The impact of machine learning solutions hinge on three entities working in cadence: data, software systems and humans-in-the-loop. At Betaworks, there are different companies/projects in different markets and in different stages of their growth cycle. The data team must work with natural language and news data, audio signals, gifs, images and videos, gaming data, very large social graphs and weather data - driving and supporting vastly disparate plus continuously evolving requirements. Naturally, the rhythm of all three entities requires continuous calibration to achieve synergy. ML efforts oscillate between fast and slow phases of analysis, modeling, planning, building, deployment, evaluation and tuning. This talk discusses some of our internal data tools and platform, product-specific solutions and best practices we learned when machine learning has to drive the startup road.


What is your role today?
I am the lead data scientist at betaworks (a New York City based technology company that operates as a studio). We build companies in-house and also invest in early stage startups. My role involves building data features for our products (like digg and instapaper), helping early-stage companies scale using data/machine learning, and also assisting the investment team evaluate the data potential of prospective seed investments.
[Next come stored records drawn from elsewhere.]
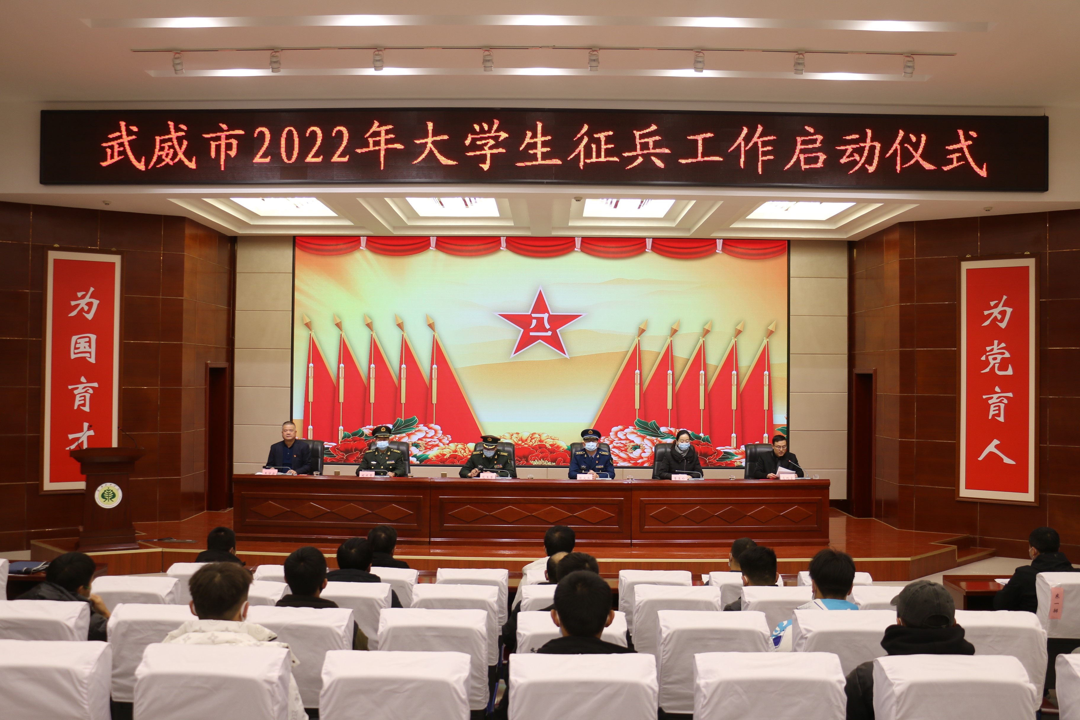 12月29日下午,武威市2022年大學(xué)生征兵工作啟動儀式在我院舉辦。武威軍分區(qū)司令員范玉芳、武威軍分區(qū)動員處處長張尖兵、武威市教育局副局長賈玉玲、涼州區(qū)人武部部長闞延貴,學(xué)院黨委委員、副院長王守云出席會議。學(xué)院各院系輔導(dǎo)員、2021年退役復(fù)學(xué)大學(xué)生代表和應(yīng)征報名學(xué)生代表參加了會議。會議由學(xué)生工作處負責(zé)人高鵬堂主持。會議采取線下進行和線上同步直播的方式召開。
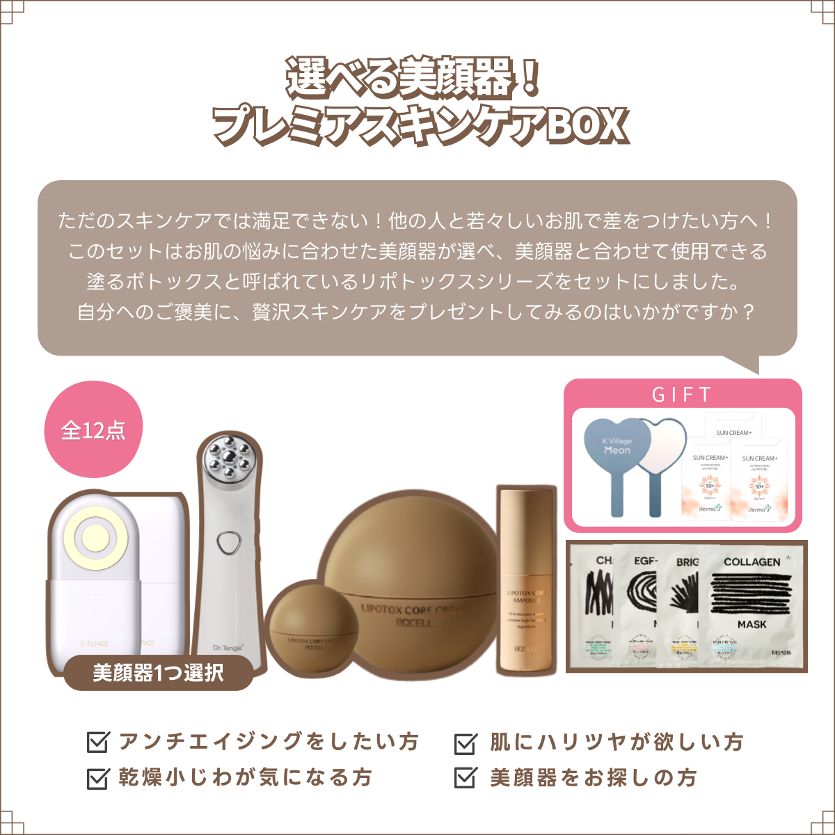 このセットはお肌の悩みに合わせた美顔器が選べ、美顔器と合わせて使用できる塗るボトックスと呼ばれているリポトックスシリーズをセットにしました。
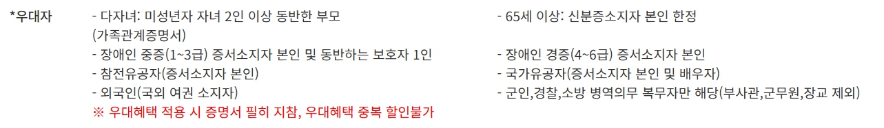 요금 우대에 해당하시는 분들은 아래와 같으니 할인 받으세요.
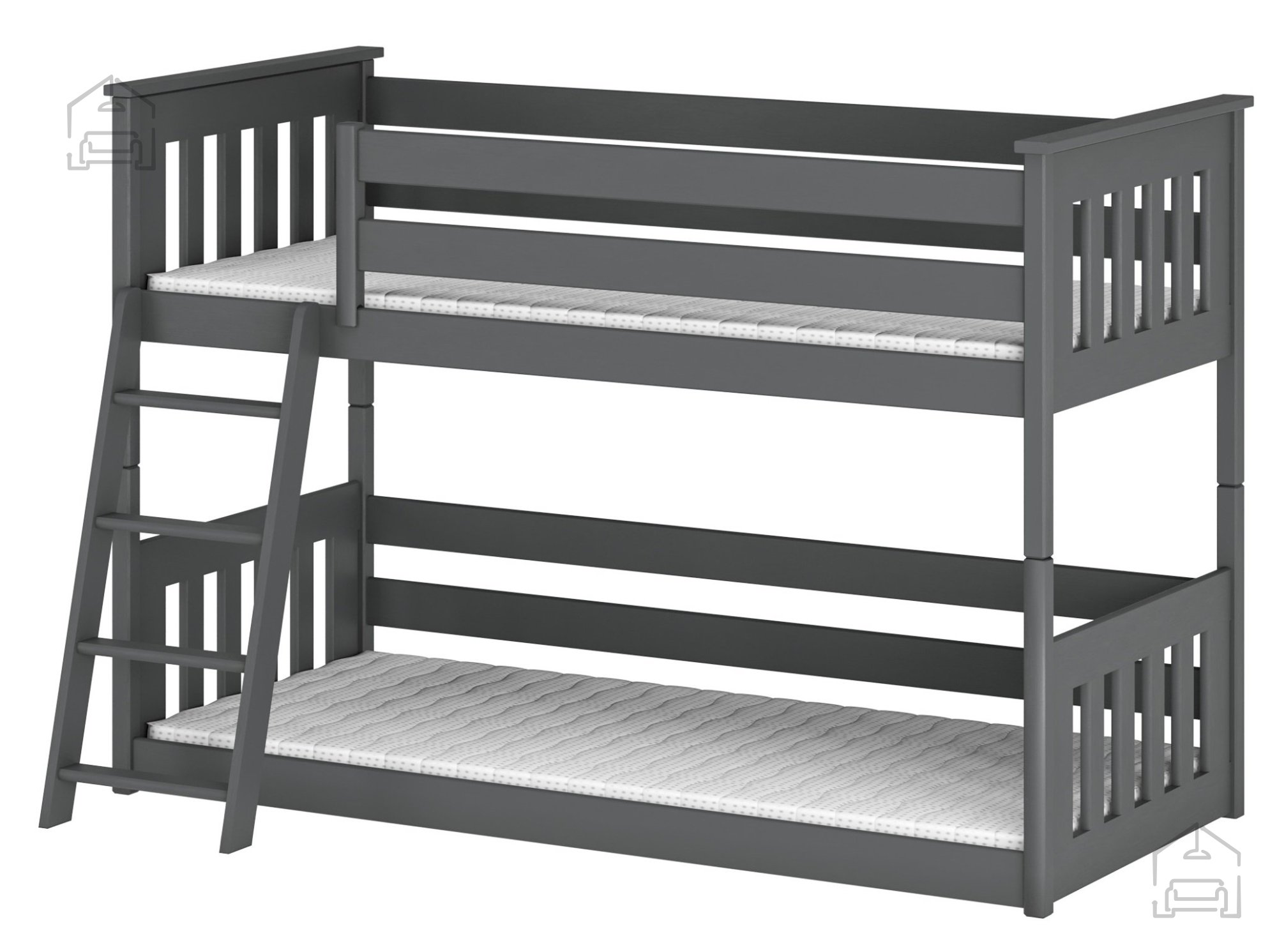 Prisotnost poševne lestve pri pogradu Kevin omogoča prilagodljivo postavitev v otroški sobi. Ta oblika lestve omogoča enostaven dostop in uporabo postelje, ne glede na postavitev prostora ali razporeditev pohištva.

Can you explain your talk title to me?
At betaworks, we are in an unique position to be able to work with different kinds of data due to the diversity of our portfolio companies, including weather, audio, video, natural language text, gifs, images, gaming data etc. Our Machine Learning solutions have to adapt to time, human and product technology constraints at startup pace. Many times, these solutions become the integral factor in scaling a company. Therefore, ML efforts must oscillate between fast and slow phases of analysis, modeling, planning, building, deployment, evaluation and tuning - so we can streamline ML with other parts of the organization and build synergy.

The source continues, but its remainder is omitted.